* _What you have to do_
Would you please repeat exactly the entries below, starting at the line with "Gebindegröße: 1000 ml-Flasche" and ending at the line with "que tal vez", and nothing outside that range? Leave out the pictures.

* _Records supplied_

[Start of section]

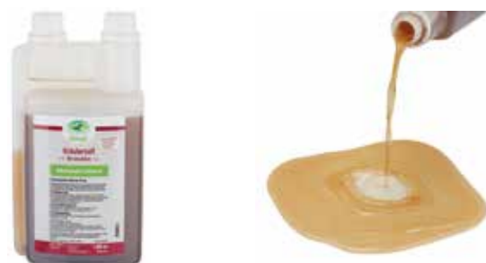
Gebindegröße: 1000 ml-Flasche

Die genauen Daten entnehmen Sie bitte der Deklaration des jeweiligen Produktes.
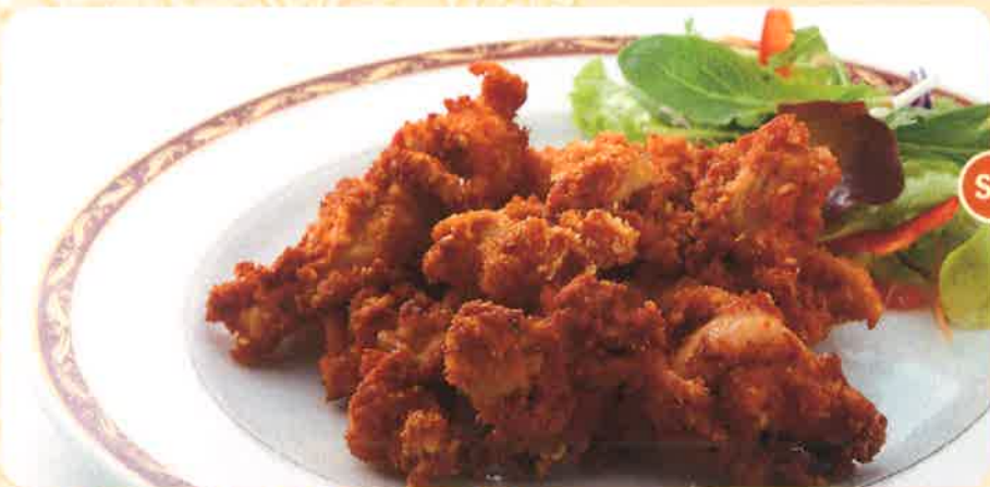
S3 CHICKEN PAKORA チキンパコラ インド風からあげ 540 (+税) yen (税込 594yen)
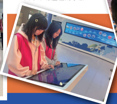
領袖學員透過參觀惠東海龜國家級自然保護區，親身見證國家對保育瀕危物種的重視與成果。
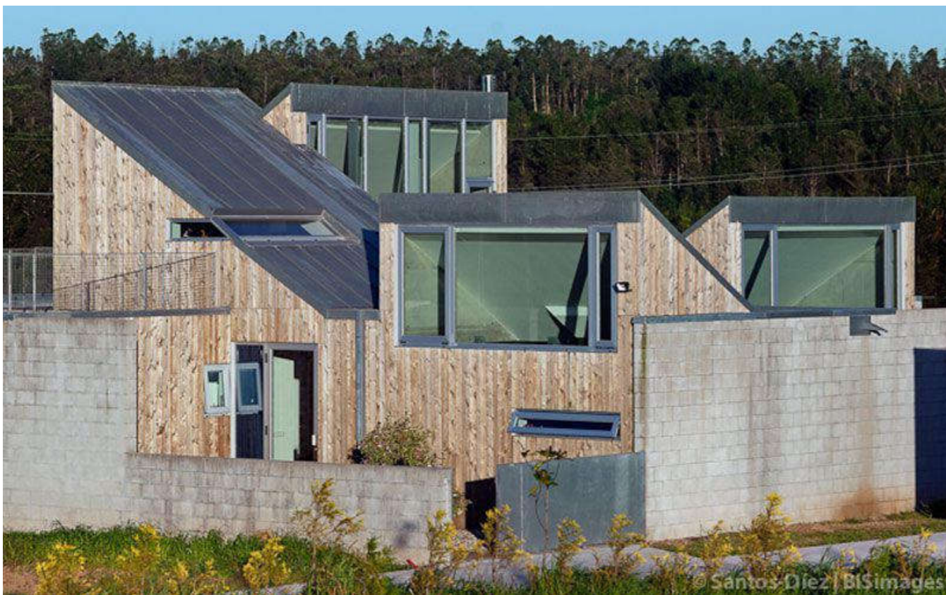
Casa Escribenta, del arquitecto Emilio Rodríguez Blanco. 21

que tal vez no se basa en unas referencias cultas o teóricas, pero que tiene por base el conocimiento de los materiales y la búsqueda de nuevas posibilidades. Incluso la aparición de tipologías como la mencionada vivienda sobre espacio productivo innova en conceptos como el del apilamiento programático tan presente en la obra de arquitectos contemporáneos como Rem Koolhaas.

[End of section]
[Start of section]

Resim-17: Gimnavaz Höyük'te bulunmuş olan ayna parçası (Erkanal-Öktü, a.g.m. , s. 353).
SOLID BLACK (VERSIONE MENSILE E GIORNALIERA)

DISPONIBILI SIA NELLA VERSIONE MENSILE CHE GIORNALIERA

[End of section]

* _Finished exercise_
Gebindegröße: 1000 ml-Flasche

Die genauen Daten entnehmen Sie bitte der Deklaration des jeweiligen Produktes.
S3 CHICKEN PAKORA チキンパコラ インド風からあげ 540 (+税) yen (税込 594yen)
領袖學員透過參觀惠東海龜國家級自然保護區，親身見證國家對保育瀕危物種的重視與成果。
Casa Escribenta, del arquitecto Emilio Rodríguez Blanco. 21

que tal vez no se basa en unas referencias cultas o teóricas, pero que tiene por base el conocimiento de los materiales y la búsqueda de nuevas posibilidades. Incluso la aparición de tipologías como la mencionada vivienda sobre espacio productivo innova en conceptos como el del apilamiento programático tan presente en la obra de arquitectos contemporáneos como Rem Koolhaas.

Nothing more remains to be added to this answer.